Rasvanth Chunylall
Rasvanth Chunylall

Parents, think before you post photos of your kids

I’m at an age where several of my fellow millennials are in the full flush of parenthood. My social media feeds are filled with photos and videos of babies and toddlers doing what babies and toddlers do. Of course, not everyone is happy when this happens. The German police released a statement on Facebook last week urging parents to stop posting photos of their children on Facebook and other social media sites. The post states that through their parents’ actions children’s rights to privacy are infringed, they could be bullied and fall prey to paedophiles.

I agree with the sentiment and believe it is also good advice for South Africans. In a country with a rising level of online predators, parents should be mindful of the kind of photos and videos they upload.

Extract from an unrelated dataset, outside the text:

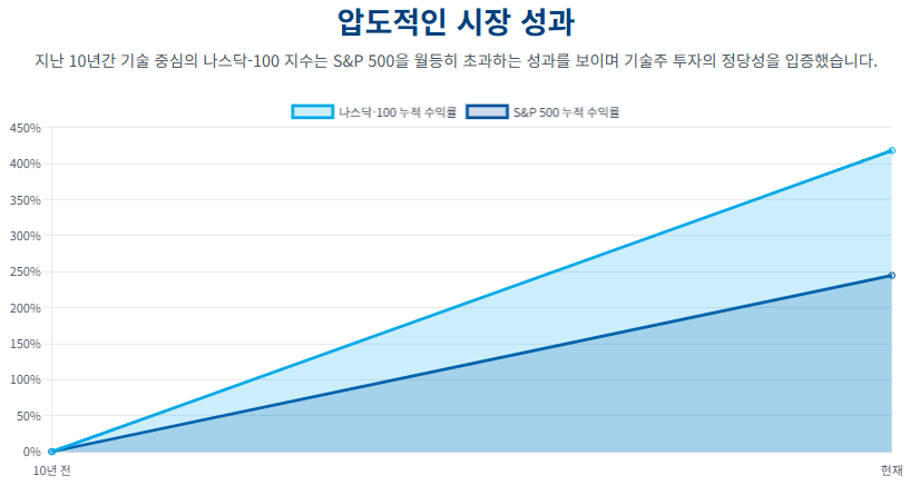 미국 기술주 투자의 정당성은 견고한 기업 펀더멘털을 넘어, 장기적인 시장 성과 데이터에 의해 명확히 입증되어 왔습니다. 기술 중심의 나스닥-100(NASDAQ-100) 지수는 지난 수십 년간 광범위한 시장 지수인 S&P 500을 지속적으로 능가해 왔습니다.

Toilet-training selfies and half-naked shots at the beach are probably not good choices to upload. If content of your children is posted, it should be shared to friends and family on the private settings of the social media platforms used. Parents can also protect their children further by ensuring that the pictures do not include any identifying features such as a school name or street address.

AFP

AFP

Besides the danger of online predators, parents should be aware that the internet never forgets. Some might argue that posting a video of a toddler’s bumpy slide ride is harmless fun. However, this is a type of video that may well be used to ridicule a child later on in life. It is a worrying fact that incidents such as that experienced by Saheti School reveals that we’re living in a time where online bullying among South African children has become commonplace and our schools are still finding their feet when dealing with this issue.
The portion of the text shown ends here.